Oxford Researchers Open-Source WhisperX: A Time-Precise Speech Recognition System With Word-Level Timestamps

Weakly supervised and unsupervised training approaches have shown outstanding performance in various audio processing tasks, including speech recognition, speaker recognition, speech separation, and keyword detection, thanks to the availability of large-scale online data sets. Oxford researchers developed a speech recognition system called Whisper that makes use of this extensive database on a larger scale. Using 125,000 hours of English translation data and 680,000 hours of noisy speech training data in an additional 96 languages, they demonstrate how weakly supervised pretraining of a simple codec transformer can successfully achieve multilingual speech transcription. zero trip at set reference points.

Most academic benchmarks are made up of short statements, but real-world applications such as meetings, podcasts, and videos typically require long-form audio transcription that can last for hours or minutes. Due to memory limitations, the transformer designs used for Automatic Speech Recognition (ASR) models avoid transcription of arbitrarily long input audio (up to 30 seconds in the case of Whisper). Recent research uses sliding window-style heuristic approaches, which are prone to errors due to audio overlap, which can cause inconsistent transcriptions when the model processes the same speech twice; and (ii) incomplete audio, where some words may be lost or incorrectly transcribed if they are at the beginning or end of the input segment.

Whisper suggests a buffered transcription method that relies on accurate timestamp prediction to set how much the input window should be shifted. Since timestamp errors in one window can add up to errors in successive windows, such a solution is vulnerable to significant deviation. They try to eliminate these errors using a variety of handcrafted heuristics, but their efforts are often unsuccessful. Whisper’s linked decoding, which uses a single encoder-decoder to decode transcripts and timestamps, is susceptible to standard problems with autoregressive language production, specifically hallucination and repetition. This disastrously affects buffered transcription of full-length activities and other timestamp-sensitive activities such as speaker diarization, lip reading, and audiovisual learning.
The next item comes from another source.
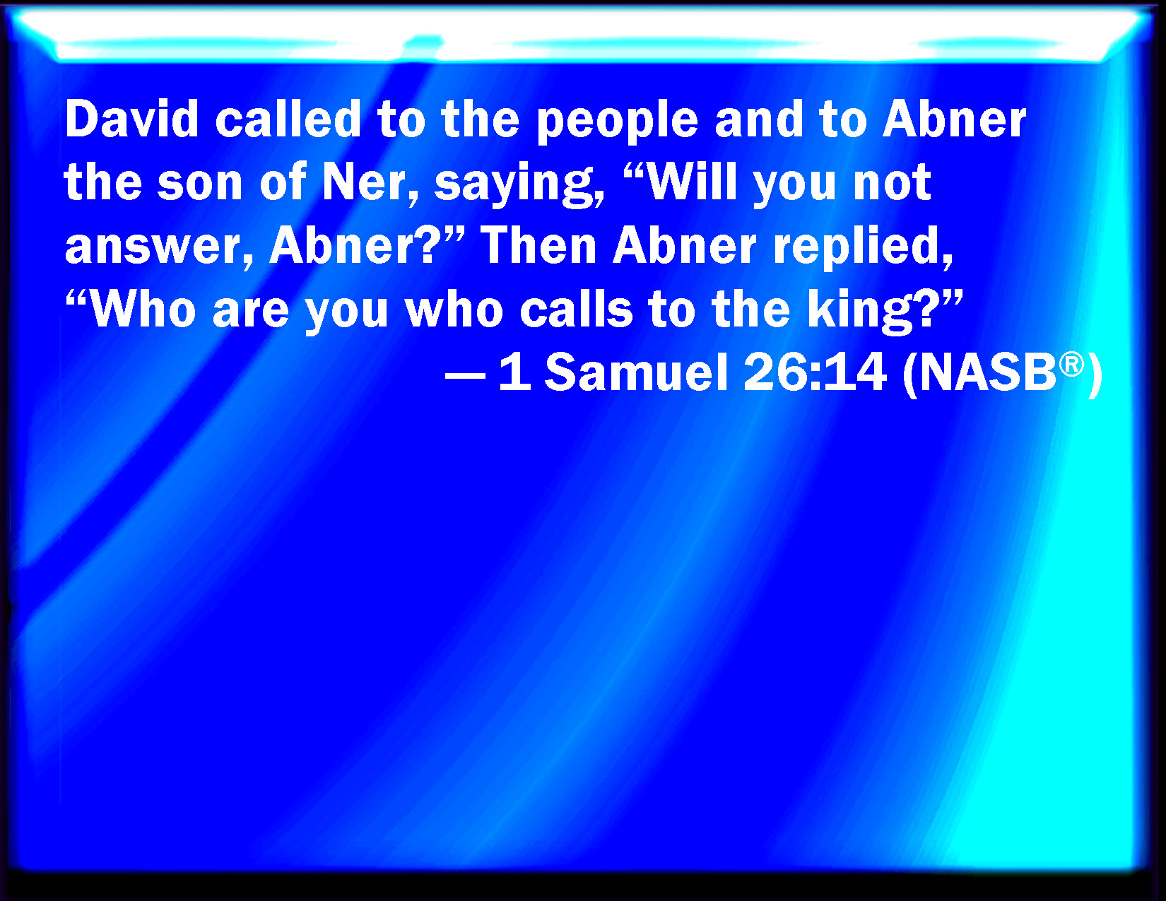 Bible Verse Slide 1 Samuel 26:14 And David cried to the people, and to Abner the son of Ner, saying, Answer you not, Abner? Then Abner answered and said, Who are you that cry to the king? KJV: And David cried to the people, and to Abner the son of Ner, saying, Answerest thou not, Abner? Then Abner answered and said, Who art thou that criest to the king? DRB: David cried to the people, and to Abner the son of Ner, saying: Wilt thou not answer, Abner? And Abner answering, said: Who art thou, that criest, and disturbest the king? DBT: And David cried to the people, and to Abner the son of Ner, saying, Answerest thou not, Abner? Then Abner answered and said, Who art thou that criest to the king? ERV: and David cried to the people, and to Abner the son of Ner, saving, Answerest thou not, Abner? Then Abner answered and said, Who art thou that criest to the king? WBT: And David cried to the people, and to Abner the son of Ner, saying, Answerest thou not, Abner? Then Abner answered and said, Who art thou that criest to the king? WEB: and David cried to the people, and to Abner the son of Ner, saying, "Don't you answer, Abner?" Then Abner answered, "Who are you who cries to the king?" YLT: and David calleth unto the people, and unto Abner son of Ner, saying, 'Dost thou not answer, Abner?' and Abner answereth and saith, 'Who art thou who hast called unto the king?'Links 1 Samuel 26:14 NIV • 1 Samuel 26:14 NLT • 1 Samuel 26:14 ESV • 1 Samuel 26:14 NASB • 1 Samuel 26:14 KJV • 1 Samuel 26:14 Interlinear • 1 Samuel 26:14 Commentaries • 1 Samuel 26:14 Parallel Texts • 1 Samuel 26:14 Bible Apps • 1 Samuel 26:14 Parallel • Bible Hub |

Read our latest AI newsletter

According to the whisper paper, a significant part of the training corpus comprises incomplete data (audio transcript pairings without timestamp information), represented by the token |nottimestamps|>. When scaling on incomplete and noisy transcription data, speech transcription performance is inadvertently traded off by less accurate timestamp prediction. As a result, when employing add-on modules, transcription and speech must align precisely. There’s a ton of effort put into “force alignment,” which aligns the speech transcript with audio waveforms at the word or phoneme level. Acoustic phone models are often trained to use the Hidden Markov Model (HMM) framework and the byproduct of possible state alignments.

The timestamps of these words or phone numbers are often corrected by outer bounds correction models. Some recent studies use deep learning tactics for forced alignment, such as employing a two-way attention matrix or CTC segmentation with the end-to-end trained model due to the rapid growth of deep learning-based approaches. Combining a state-of-the-art ASR model with a simple phoneme recognition model, both prepared using large-scale, meaningful data sets, could result in further improvement.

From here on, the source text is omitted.